• What to do
Leave the pictures aside and copy all the data exactly.

• Dataset excerpt
-*-
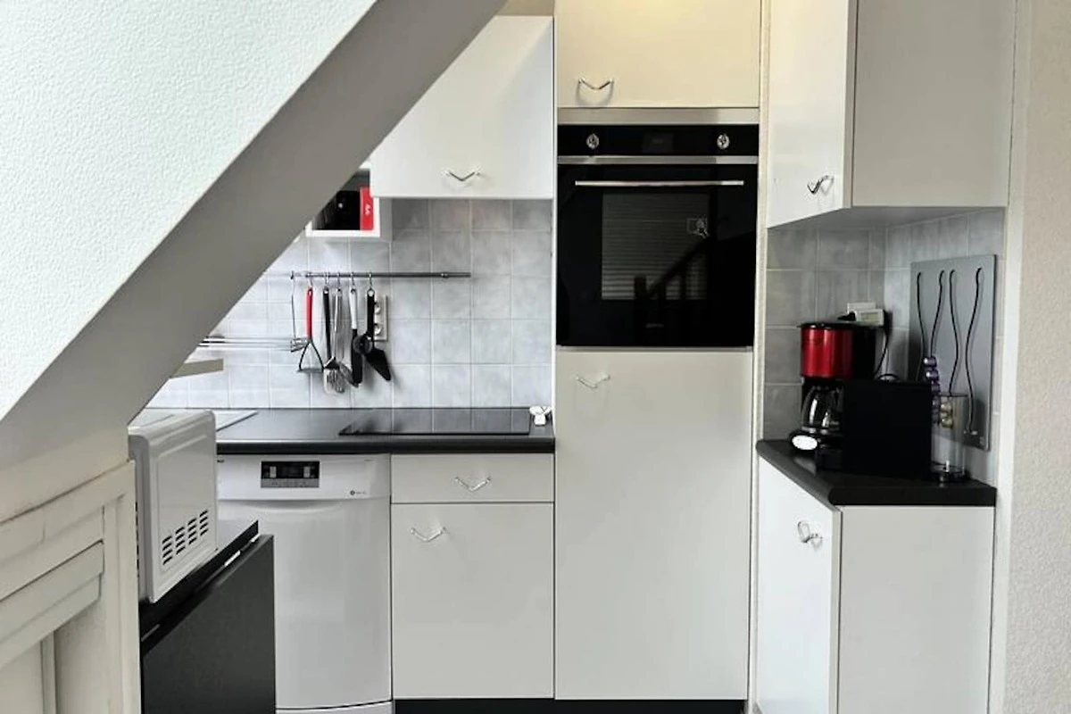 Das Apartment ist durchdacht gestaltet und vereint Komfort mit modernem Komfort. Das helle Wohnzimmer mit seinen gemütlichen Sesseln, Fernseher und Hi-Fi-Anlage bietet einen atemberaubenden Blick auf Strand und Hafen. Der angrenzende Essbereich bietet bequem Platz für vier Personen, und die voll ausgestattete Küche lässt keine Wünsche offen – von der Nespresso-Maschine bis zum Geschirrspüler –, um köstliche Mahlzeiten zuzubereiten. Im Erdgeschoss befinden sich ein ruhiges Schlafzimmer mit einem Queensize-Bett, ein Badezimmer mit Badewanne und Duschabtrennung sowie ein separates WC. Im Obergeschoss befindet sich ein zusätzliches Schlafzimmer mit Queensize-Bett, ein Wohnbereich mit Sofa und Smart-TV sowie ein einladender Raum zum Entspannen.
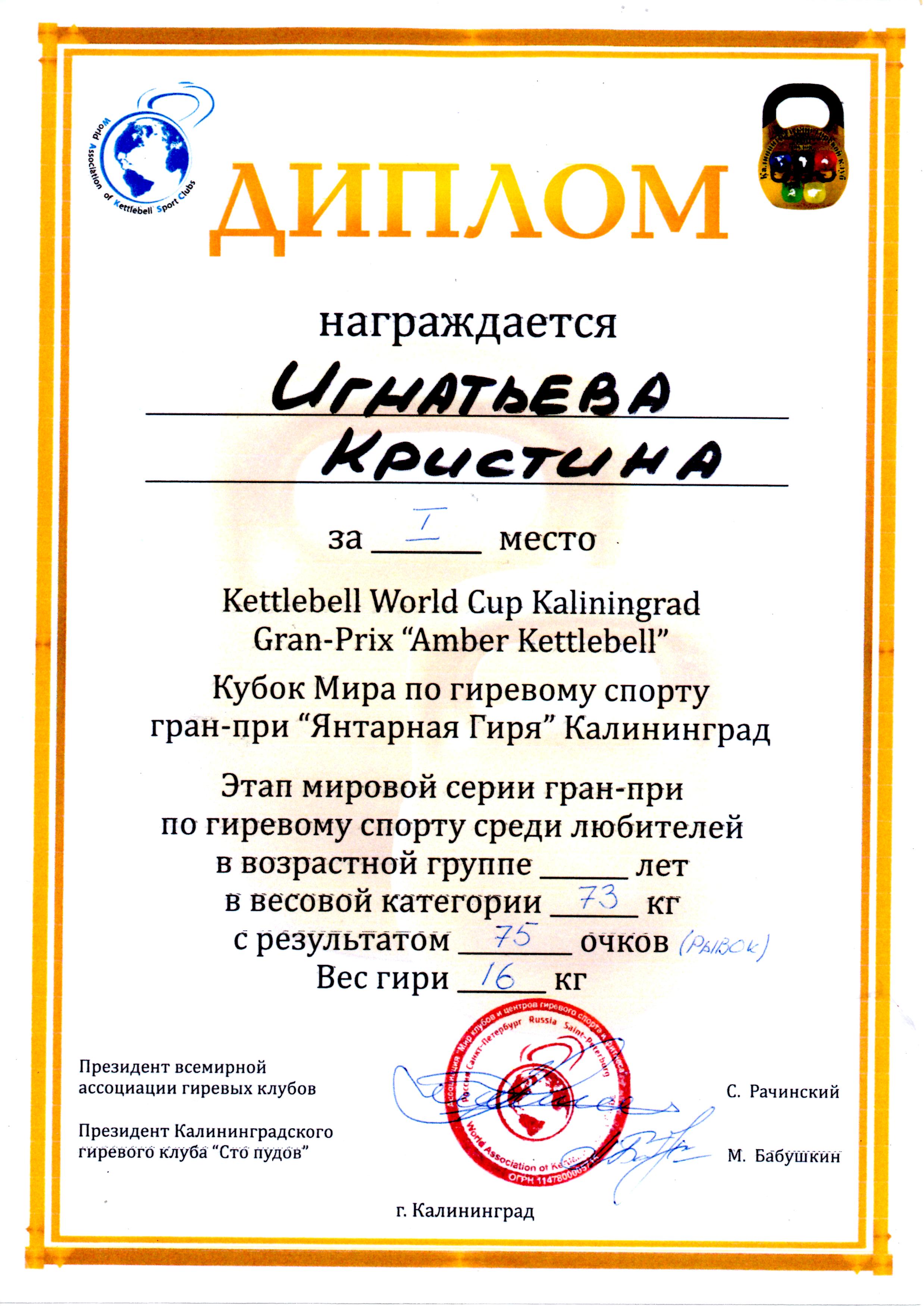 В минувшую пятницу, 14 сентября, ученица 10 «А» класса МАОУ СОШ № 13 Игнатьева Кристина стала победителем кубка Мира по гиревому спорту, обладателем Гран-при «Янтарная гиря» (Калининград). Спортивные соревнования прошли на базе МАУ СШОР по силовым видам спорта. На открытии кубка Мира присутствовали спортсмены из Польши, Эстонии, Ленинградской и Московской областей, а также представители Янтарного края. Открыть соревнования выпала честь Михаилу Бабушкину, Сергею Рачинскому и Дмитрию Лапикову, которые в свою очередь являются именитыми спортсменами, добившиеся вершины спортивных достижений и мастерства. Игнатьева Кристина отлично проявила себя в спортивных состязаниях и в результате стала победителем кубка Мира по гиревому спорту и обладателем Гран-при «Янтарная гиря». Этой победе предшествовали занятые первые места в первенствах Калининграда по гиревому спорту в классическом двоеборье среди юношей и девушек 2000 года рождения и моложе. Поздравляем Кристину с победой и желаем ей не останавливаться на достигнутом!
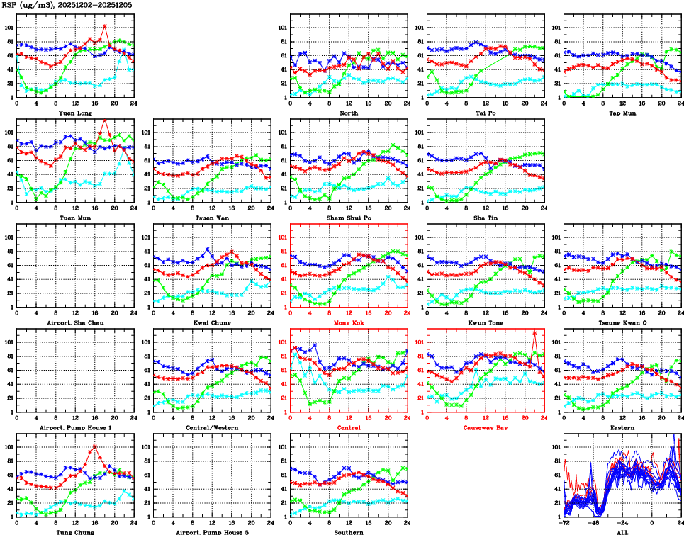 | Air Quality Data Time Series for RSP (2025/12/05) | ( Line colors: Day -3 Day -2 Day -1 Current day ) | 2D Map Current AQHI |
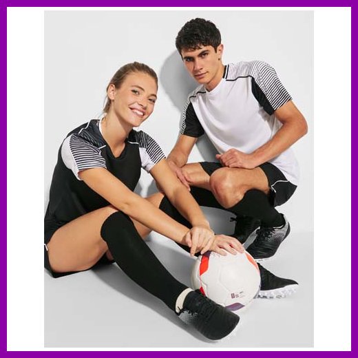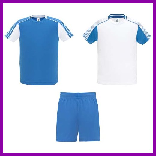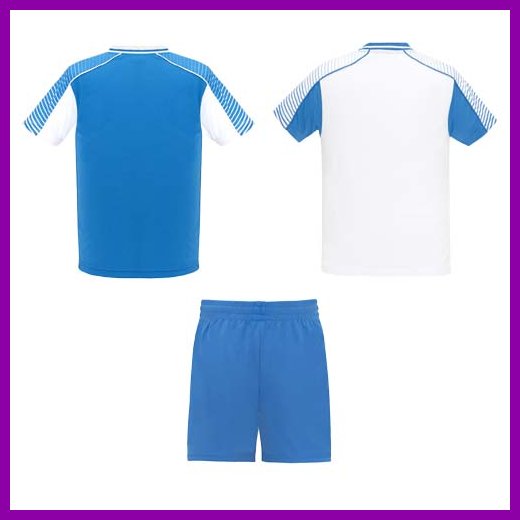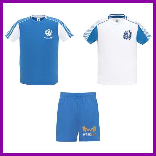 Settiin kuuluu kaksi t-paitaa ja yhdet shortsit. Toisen t-paidan väri on päinvastainen kuin ensimmäisen. Tekninen ja hengittävä kangas. T-paidat, joissa on painetut puoliraglan-hihat. Pyöreä pääntie, jossa trikoota selässä. Joustava vyötärönauha shortseissa, joissa on yhteensopiva kiristysnyöri sisäpuolella turvaompeleilla. Shortsit, joissa kontrastiraita ja halkiot helmassa. Irrotettava etiketti.Värit ja Koot
-*-
• Written solution
 Das Apartment ist durchdacht gestaltet und vereint Komfort mit modernem Komfort. Das helle Wohnzimmer mit seinen gemütlichen Sesseln, Fernseher und Hi-Fi-Anlage bietet einen atemberaubenden Blick auf Strand und Hafen. Der angrenzende Essbereich bietet bequem Platz für vier Personen, und die voll ausgestattete Küche lässt keine Wünsche offen – von der Nespresso-Maschine bis zum Geschirrspüler –, um köstliche Mahlzeiten zuzubereiten. Im Erdgeschoss befinden sich ein ruhiges Schlafzimmer mit einem Queensize-Bett, ein Badezimmer mit Badewanne und Duschabtrennung sowie ein separates WC. Im Obergeschoss befindet sich ein zusätzliches Schlafzimmer mit Queensize-Bett, ein Wohnbereich mit Sofa und Smart-TV sowie ein einladender Raum zum Entspannen.
 В минувшую пятницу, 14 сентября, ученица 10 «А» класса МАОУ СОШ № 13 Игнатьева Кристина стала победителем кубка Мира по гиревому спорту, обладателем Гран-при «Янтарная гиря» (Калининград). Спортивные соревнования прошли на базе МАУ СШОР по силовым видам спорта. На открытии кубка Мира присутствовали спортсмены из Польши, Эстонии, Ленинградской и Московской областей, а также представители Янтарного края. Открыть соревнования выпала честь Михаилу Бабушкину, Сергею Рачинскому и Дмитрию Лапикову, которые в свою очередь являются именитыми спортсменами, добившиеся вершины спортивных достижений и мастерства. Игнатьева Кристина отлично проявила себя в спортивных состязаниях и в результате стала победителем кубка Мира по гиревому спорту и обладателем Гран-при «Янтарная гиря». Этой победе предшествовали занятые первые места в первенствах Калининграда по гиревому спорту в классическом двоеборье среди юношей и девушек 2000 года рождения и моложе. Поздравляем Кристину с победой и желаем ей не останавливаться на достигнутом!
 | Air Quality Data Time Series for RSP (2025/12/05) | ( Line colors: Day -3 Day -2 Day -1 Current day ) | 2D Map Current AQHI |
 Settiin kuuluu kaksi t-paitaa ja yhdet shortsit. Toisen t-paidan väri on päinvastainen kuin ensimmäisen. Tekninen ja hengittävä kangas. T-paidat, joissa on painetut puoliraglan-hihat. Pyöreä pääntie, jossa trikoota selässä. Joustava vyötärönauha shortseissa, joissa on yhteensopiva kiristysnyöri sisäpuolella turvaompeleilla. Shortsit, joissa kontrastiraita ja halkiot helmassa. Irrotettava etiketti.Värit ja Koot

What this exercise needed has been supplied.